- Brief:
Only a number is wanted: how many lines in these records contain the word "energy"?

- Source records:
····················
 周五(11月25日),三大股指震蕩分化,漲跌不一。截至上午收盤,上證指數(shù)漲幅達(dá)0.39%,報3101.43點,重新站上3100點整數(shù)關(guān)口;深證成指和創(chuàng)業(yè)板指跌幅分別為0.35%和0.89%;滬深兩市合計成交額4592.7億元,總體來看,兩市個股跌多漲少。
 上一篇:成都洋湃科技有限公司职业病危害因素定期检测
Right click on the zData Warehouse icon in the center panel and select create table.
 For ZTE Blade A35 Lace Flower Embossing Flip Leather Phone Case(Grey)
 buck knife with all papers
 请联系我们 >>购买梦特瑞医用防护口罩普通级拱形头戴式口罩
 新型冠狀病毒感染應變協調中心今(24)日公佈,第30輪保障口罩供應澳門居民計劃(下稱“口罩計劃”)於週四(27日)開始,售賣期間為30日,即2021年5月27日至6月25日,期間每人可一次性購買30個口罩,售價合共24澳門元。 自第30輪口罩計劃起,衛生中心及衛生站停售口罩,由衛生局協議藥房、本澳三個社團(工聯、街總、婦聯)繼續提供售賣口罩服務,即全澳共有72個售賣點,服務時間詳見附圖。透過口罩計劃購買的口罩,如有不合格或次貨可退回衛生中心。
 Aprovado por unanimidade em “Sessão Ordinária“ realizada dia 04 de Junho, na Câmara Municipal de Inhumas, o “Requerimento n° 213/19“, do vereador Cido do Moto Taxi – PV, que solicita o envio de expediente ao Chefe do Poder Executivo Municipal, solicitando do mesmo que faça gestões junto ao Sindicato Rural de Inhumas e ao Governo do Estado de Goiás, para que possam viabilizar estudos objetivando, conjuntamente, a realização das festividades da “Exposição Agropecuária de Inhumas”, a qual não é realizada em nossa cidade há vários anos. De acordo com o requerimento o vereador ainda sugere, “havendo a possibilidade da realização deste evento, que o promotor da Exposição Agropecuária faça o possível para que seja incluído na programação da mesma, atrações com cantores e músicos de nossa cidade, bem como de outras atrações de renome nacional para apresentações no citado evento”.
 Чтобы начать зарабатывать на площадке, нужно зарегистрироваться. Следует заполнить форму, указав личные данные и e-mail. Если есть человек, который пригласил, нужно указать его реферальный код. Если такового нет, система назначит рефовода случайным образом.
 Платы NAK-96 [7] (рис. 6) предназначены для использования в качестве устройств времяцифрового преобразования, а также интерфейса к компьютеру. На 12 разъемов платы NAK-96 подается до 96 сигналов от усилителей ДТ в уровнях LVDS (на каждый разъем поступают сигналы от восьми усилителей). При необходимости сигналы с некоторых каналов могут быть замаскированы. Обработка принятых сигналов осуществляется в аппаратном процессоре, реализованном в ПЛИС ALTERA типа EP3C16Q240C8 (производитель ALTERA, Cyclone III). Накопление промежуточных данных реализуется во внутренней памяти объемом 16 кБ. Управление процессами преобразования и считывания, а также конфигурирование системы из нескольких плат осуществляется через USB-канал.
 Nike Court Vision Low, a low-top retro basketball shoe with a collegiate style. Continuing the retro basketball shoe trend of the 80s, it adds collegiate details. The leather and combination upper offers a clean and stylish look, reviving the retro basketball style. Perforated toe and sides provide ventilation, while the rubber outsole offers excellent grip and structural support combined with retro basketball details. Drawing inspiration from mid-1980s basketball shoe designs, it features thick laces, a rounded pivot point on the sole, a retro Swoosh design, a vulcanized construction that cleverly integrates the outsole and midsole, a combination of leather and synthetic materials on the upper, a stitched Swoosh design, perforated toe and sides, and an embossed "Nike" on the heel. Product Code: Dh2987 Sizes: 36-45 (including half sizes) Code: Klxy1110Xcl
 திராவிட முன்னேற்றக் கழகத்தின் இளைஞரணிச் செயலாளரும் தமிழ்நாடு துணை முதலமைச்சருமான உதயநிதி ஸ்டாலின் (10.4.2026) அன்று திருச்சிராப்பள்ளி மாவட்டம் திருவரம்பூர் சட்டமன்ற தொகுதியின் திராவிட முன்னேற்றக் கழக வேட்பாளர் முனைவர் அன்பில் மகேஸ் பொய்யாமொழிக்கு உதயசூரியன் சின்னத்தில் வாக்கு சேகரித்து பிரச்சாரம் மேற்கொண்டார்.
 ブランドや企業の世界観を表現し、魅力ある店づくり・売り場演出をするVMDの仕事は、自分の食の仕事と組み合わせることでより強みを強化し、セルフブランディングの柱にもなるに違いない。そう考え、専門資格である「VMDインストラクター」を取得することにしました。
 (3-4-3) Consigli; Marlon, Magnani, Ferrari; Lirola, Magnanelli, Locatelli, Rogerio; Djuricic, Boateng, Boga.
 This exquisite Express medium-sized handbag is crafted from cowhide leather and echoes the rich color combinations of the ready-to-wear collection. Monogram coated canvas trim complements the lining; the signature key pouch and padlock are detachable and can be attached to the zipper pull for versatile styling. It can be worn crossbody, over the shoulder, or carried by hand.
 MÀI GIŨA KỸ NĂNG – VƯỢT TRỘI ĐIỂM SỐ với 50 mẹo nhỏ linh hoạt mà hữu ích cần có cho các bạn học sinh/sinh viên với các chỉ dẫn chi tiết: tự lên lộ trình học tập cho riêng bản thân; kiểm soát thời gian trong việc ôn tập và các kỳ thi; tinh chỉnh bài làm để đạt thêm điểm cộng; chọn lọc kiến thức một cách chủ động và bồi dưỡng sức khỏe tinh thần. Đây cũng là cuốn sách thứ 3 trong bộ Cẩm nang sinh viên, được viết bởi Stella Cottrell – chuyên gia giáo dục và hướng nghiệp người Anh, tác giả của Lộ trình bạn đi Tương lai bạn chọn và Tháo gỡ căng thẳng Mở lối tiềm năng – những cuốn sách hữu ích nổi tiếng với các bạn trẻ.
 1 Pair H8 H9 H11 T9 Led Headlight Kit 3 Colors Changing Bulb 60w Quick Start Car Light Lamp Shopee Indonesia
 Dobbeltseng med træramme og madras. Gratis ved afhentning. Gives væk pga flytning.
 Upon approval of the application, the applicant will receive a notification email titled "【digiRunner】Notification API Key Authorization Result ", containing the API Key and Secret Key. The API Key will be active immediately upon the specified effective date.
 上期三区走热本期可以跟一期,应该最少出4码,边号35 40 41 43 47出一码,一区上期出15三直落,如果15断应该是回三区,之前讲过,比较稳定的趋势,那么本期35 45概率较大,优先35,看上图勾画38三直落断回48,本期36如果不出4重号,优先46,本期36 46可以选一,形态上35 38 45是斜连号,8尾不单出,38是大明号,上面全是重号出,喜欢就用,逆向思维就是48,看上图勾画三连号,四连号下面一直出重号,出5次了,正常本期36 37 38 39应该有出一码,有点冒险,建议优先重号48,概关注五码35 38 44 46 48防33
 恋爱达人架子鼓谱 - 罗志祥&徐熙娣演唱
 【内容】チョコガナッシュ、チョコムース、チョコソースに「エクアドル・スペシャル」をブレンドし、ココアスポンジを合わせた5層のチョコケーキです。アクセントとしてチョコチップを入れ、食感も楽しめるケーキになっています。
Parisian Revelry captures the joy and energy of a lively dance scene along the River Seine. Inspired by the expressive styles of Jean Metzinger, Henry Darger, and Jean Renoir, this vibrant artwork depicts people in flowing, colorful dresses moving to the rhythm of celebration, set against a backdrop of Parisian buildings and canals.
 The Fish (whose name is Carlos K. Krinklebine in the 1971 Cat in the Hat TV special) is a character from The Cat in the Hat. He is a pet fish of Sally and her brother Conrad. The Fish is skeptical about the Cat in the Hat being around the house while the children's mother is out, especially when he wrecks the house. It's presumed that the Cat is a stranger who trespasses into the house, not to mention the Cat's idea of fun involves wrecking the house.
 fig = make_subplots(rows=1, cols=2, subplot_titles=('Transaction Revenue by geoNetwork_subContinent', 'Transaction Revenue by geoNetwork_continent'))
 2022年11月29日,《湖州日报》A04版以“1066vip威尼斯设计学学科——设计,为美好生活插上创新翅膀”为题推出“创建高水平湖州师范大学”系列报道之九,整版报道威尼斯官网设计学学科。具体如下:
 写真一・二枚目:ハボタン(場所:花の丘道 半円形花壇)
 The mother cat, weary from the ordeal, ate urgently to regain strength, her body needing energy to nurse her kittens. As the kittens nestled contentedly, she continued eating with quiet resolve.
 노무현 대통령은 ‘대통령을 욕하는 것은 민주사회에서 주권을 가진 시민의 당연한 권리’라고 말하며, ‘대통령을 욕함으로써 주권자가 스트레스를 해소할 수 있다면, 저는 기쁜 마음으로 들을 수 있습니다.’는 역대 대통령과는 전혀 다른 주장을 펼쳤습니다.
····················
- Expected answer:
2